TRY IT:
Taking the data below, please print only the lines from the line holding "18K 白色黃金天然鑽石頸鍊" to the line holding "Stropitoarele de pe", inclusive, with pictures omitted.

RECORDS TO PROCESS:
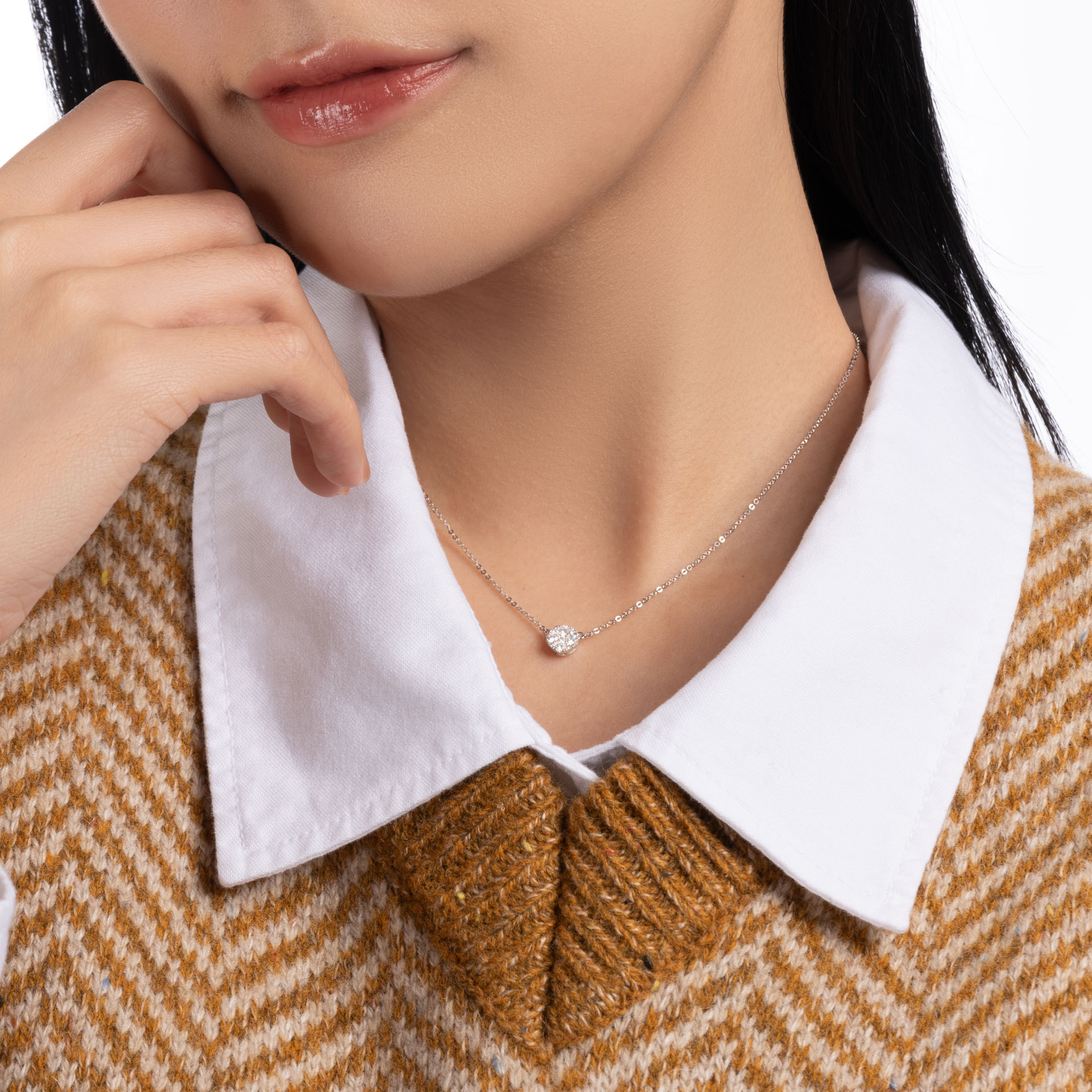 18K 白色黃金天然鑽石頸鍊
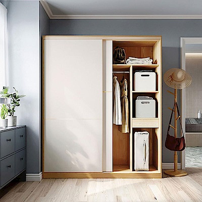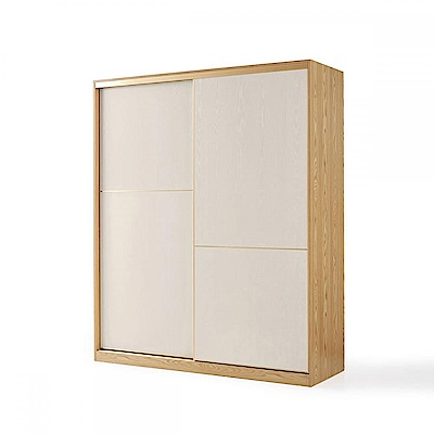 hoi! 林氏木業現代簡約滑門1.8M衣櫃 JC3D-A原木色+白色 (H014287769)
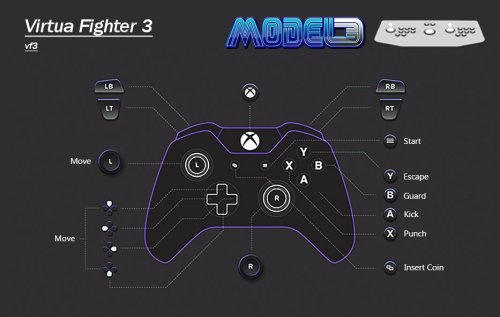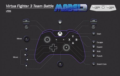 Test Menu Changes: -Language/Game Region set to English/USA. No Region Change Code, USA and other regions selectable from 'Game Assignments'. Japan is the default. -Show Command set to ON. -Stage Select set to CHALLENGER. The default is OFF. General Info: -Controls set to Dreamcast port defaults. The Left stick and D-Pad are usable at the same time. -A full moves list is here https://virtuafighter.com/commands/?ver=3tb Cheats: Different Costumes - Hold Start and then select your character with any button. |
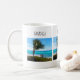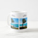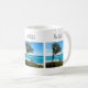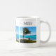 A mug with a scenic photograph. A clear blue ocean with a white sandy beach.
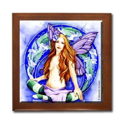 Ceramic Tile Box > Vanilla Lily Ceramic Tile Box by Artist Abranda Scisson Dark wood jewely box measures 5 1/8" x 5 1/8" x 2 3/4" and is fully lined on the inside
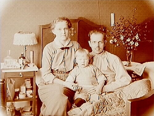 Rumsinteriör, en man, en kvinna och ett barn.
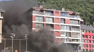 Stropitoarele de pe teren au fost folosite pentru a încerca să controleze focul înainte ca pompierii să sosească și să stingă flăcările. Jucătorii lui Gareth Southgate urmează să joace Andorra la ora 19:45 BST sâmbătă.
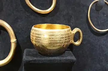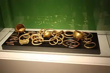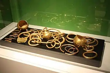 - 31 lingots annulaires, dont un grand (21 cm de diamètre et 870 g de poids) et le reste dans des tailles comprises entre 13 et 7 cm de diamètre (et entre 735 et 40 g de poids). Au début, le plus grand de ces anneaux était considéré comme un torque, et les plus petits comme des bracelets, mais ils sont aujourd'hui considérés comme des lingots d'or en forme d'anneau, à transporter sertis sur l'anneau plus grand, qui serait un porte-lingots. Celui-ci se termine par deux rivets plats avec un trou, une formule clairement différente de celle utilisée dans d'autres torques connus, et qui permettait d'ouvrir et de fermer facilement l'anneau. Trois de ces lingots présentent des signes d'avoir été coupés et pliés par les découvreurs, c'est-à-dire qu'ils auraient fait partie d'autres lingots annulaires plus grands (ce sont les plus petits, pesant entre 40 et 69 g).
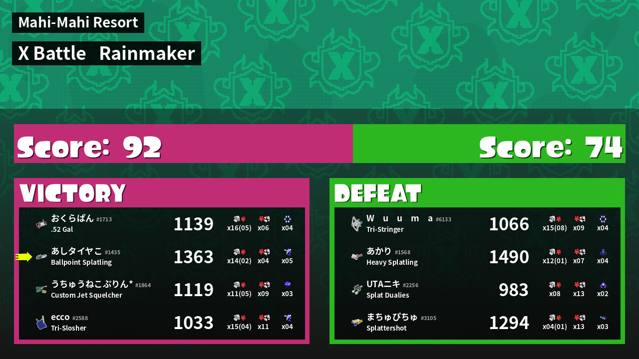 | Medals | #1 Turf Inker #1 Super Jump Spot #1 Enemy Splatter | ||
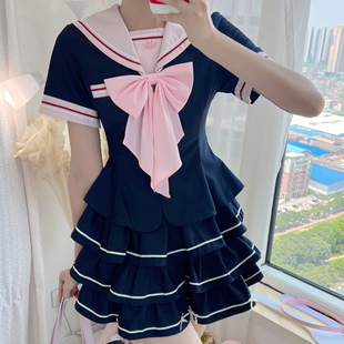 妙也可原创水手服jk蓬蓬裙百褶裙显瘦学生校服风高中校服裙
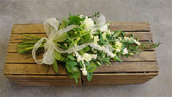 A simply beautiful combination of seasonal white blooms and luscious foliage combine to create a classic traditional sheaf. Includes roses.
...
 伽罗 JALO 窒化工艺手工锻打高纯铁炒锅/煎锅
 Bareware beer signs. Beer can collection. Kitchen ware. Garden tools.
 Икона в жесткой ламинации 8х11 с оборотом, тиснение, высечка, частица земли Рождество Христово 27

TASK SOLUTION:
 18K 白色黃金天然鑽石頸鍊
 hoi! 林氏木業現代簡約滑門1.8M衣櫃 JC3D-A原木色+白色 (H014287769)
 Test Menu Changes: -Language/Game Region set to English/USA. No Region Change Code, USA and other regions selectable from 'Game Assignments'. Japan is the default. -Show Command set to ON. -Stage Select set to CHALLENGER. The default is OFF. General Info: -Controls set to Dreamcast port defaults. The Left stick and D-Pad are usable at the same time. -A full moves list is here https://virtuafighter.com/commands/?ver=3tb Cheats: Different Costumes - Hold Start and then select your character with any button. |
 A mug with a scenic photograph. A clear blue ocean with a white sandy beach.
 Ceramic Tile Box > Vanilla Lily Ceramic Tile Box by Artist Abranda Scisson Dark wood jewely box measures 5 1/8" x 5 1/8" x 2 3/4" and is fully lined on the inside
 Rumsinteriör, en man, en kvinna och ett barn.
 Stropitoarele de pe teren au fost folosite pentru a încerca să controleze focul înainte ca pompierii să sosească și să stingă flăcările. Jucătorii lui Gareth Southgate urmează să joace Andorra la ora 19:45 BST sâmbătă.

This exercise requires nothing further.